Pushbutton information message
A pushbutton information message is a recorded message that provides the name of the street and intersection with which that pushbutton is associated. It can also provide other information about the intersection signalization or geometry.
Manufacturers refer to this feature by different names, including:
- Voice on location
- Informational message
- Verbal message
- Additional message
- Instructional/location message
The pushbutton information message is provided from a speaker located at the pushbutton, during the flashing and steady DONT WALK intervals only. The message is intended to be audible when standing at the pushbutton location. Pedestrians are required to press the pushbutton for more than one second (see extended button press) to access the additional verbal message.
The pushbutton information message, in conjunction with the tactile arrow, can clarify street names and the crosswalk controlled and signaled by the device. This is particularly important if speech WALK messages are used. To be effective, the pushbutton information message must indicate which street is actuated by the pushbutton, and the arrow must point in the direction of travel on the described crosswalk.
A message that includes only the intersection street names, without clarifying which street is actuated by the pushbutton, provides ambiguous information. See recommendations, below, for pushbutton message wording.

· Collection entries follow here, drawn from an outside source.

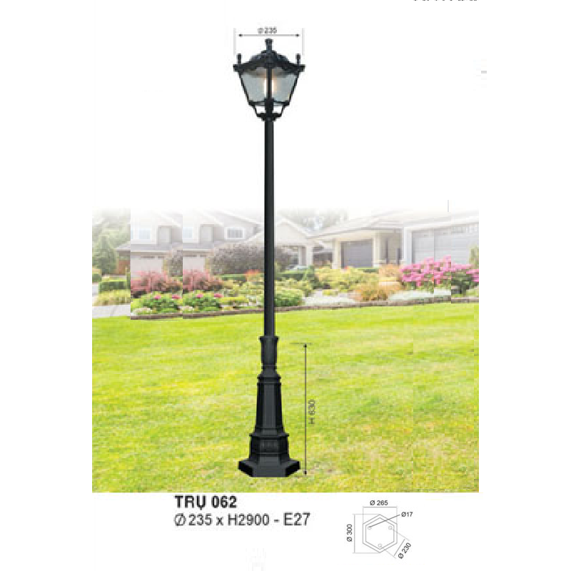- Sản phẩm: TRỤ - 062: Đèn trụ sân vườn chất liệu hợp kim 1 bóng
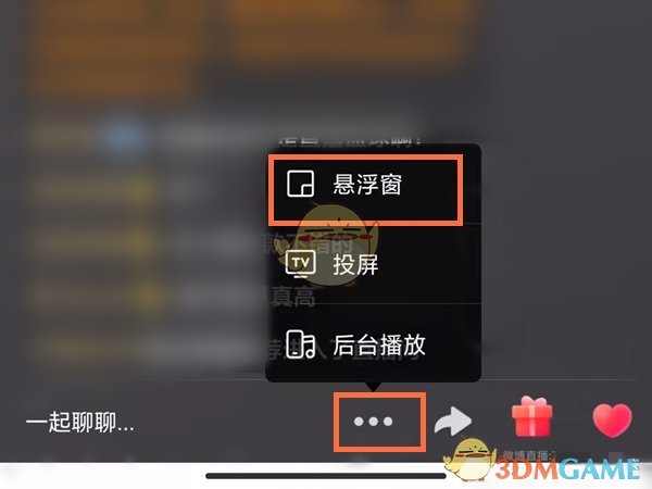 2、進(jìn)入直播頁面后,點(diǎn)擊屏幕底部的三個(gè)點(diǎn),選擇懸浮窗模式即可開始小窗口播放。
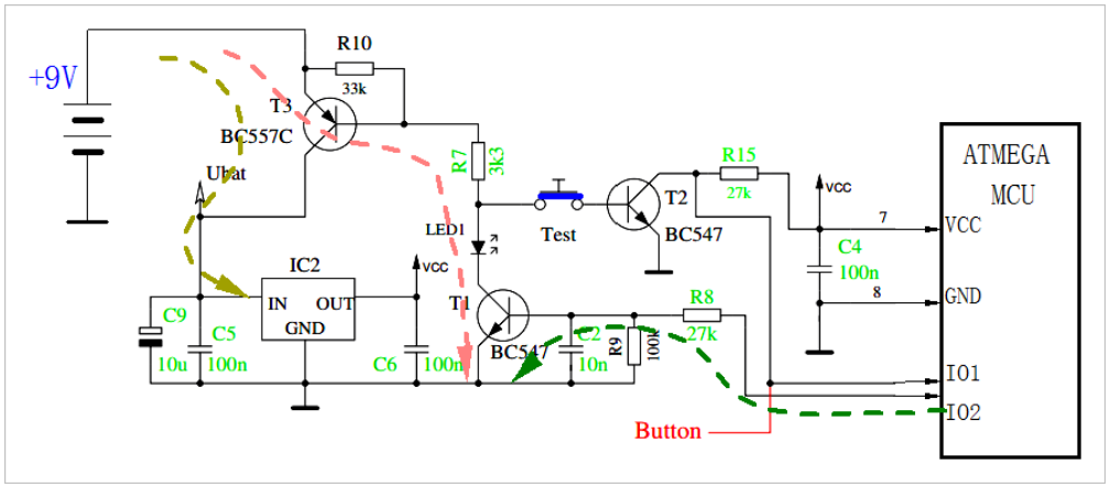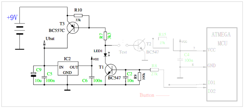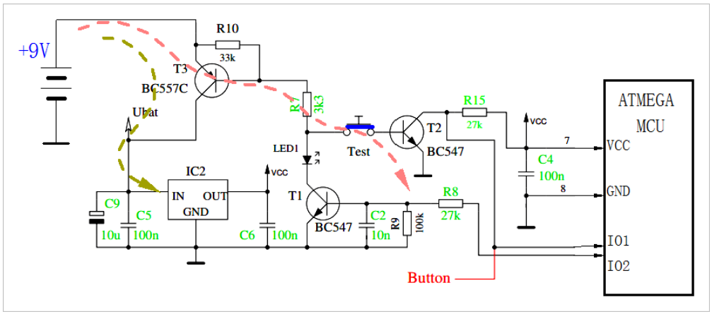 按动按钮“TEST”启动电路,T3的基极通过R7,Test,T2的b-e接地,从而使得T3导通。此时+9V通过T3加到IC2稳压芯片。IC2输出VCC是加到单片机上。

MUTCD requires pushbutton information messages to begin with the word “Wait”.(2009, Section 4E.13, P10), followed by the intersection identification message and any geometric or signalization information that is provided. The MUTCD also provides guidance stating that speech pushbutton information messages should not be used to provide landmark information or to inform pedestrians with visual disabilities about detours or temporary traffic control situations.

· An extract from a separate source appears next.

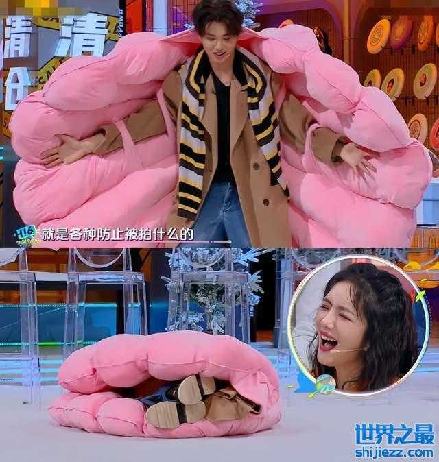 面对杨迪准备的超大版礼物,黄明昊又以身试礼物,在舞台上直接化身超大蚌壳精,甚至还直接躺在地上。
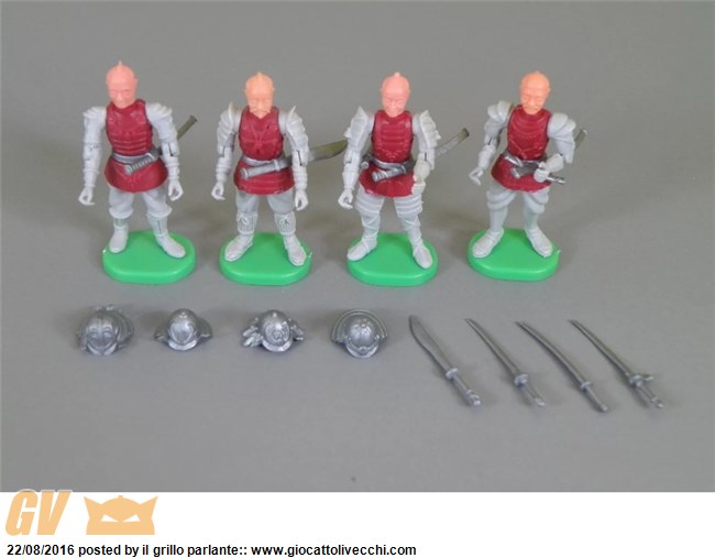 - 3 serie braccia e gambe color grigio... torso colore oro, rosso, blu... cappello, fodero e katana color grigio - 3 serie braccia e gambe color arancione scuro... torso colore oro, rosso, blu... cappello, fodero e katana color grigio - 3 serie braccia e gambe color azzurro... torso colore oro, rosso e blu... cappello, fodero e katana color grigio - 3 serie braccia e gambe color giallo... torso colore oro, rosso e blu... cappello, fodero e katana color grigio - 1 serie color arancione chiaro braccia e gambe... torso color oro... cappello, fodero e katana color grigio - 1 serie colore marrone scuro braccia e gambe... torso color oro... cappello, fodero e katana color grigio - 1 serie colore senape braccia e gambe... torso color oro... cappello, fodero e katana color grigio... - 1 serie colore verde chiaro braccia e gambe... torso color oro... cappello, fodero e katana color grigio... - 1 serie braccia e gambe colore rosso- verde- blu scuro- marrone chiaro... torso color cromo... cappello, fodero e katana colore nero... - 1 serie braccia e gambe colore rosso- verde- blu scuro- marrone chiaro... torso color cromo... Cappello color cromo, fodero e katana color nero... - 1 serie braccia e gambe colore rosso- verde- blu scuro- marrone chiaro... torso color cromo... cappello, fodero e katana colore antracite...

A combination of information formats, raised characters, Braille, and audible information, will accommodate the most users.
Pushbutton information messages should be developed according to the following models (Bentzen et al. 2002). As noted above, the MUTCD requires pushbutton information messages to begin with the word “wait”. See additional information in Appendix C.
- Model pushbutton message: "Wait to cross Howard at Grand."
- Model pushbutton message for intersections having an exclusive pedestrian phase with right turns-on-red prohibited: "Wait to cross Howard at Grand. Wait for red light for all vehicles"
- Model pushbutton message for intersections having an exclusive pedestrian phase with right turns-on-red permitted: "Wait to cross Howard at Grand. Wait for red light for all vehicles. Right turn on red permitted."
- Model pushbutton message for angled crosswalks: "Wait to cross Howard at Grand. Crosswalk angles right."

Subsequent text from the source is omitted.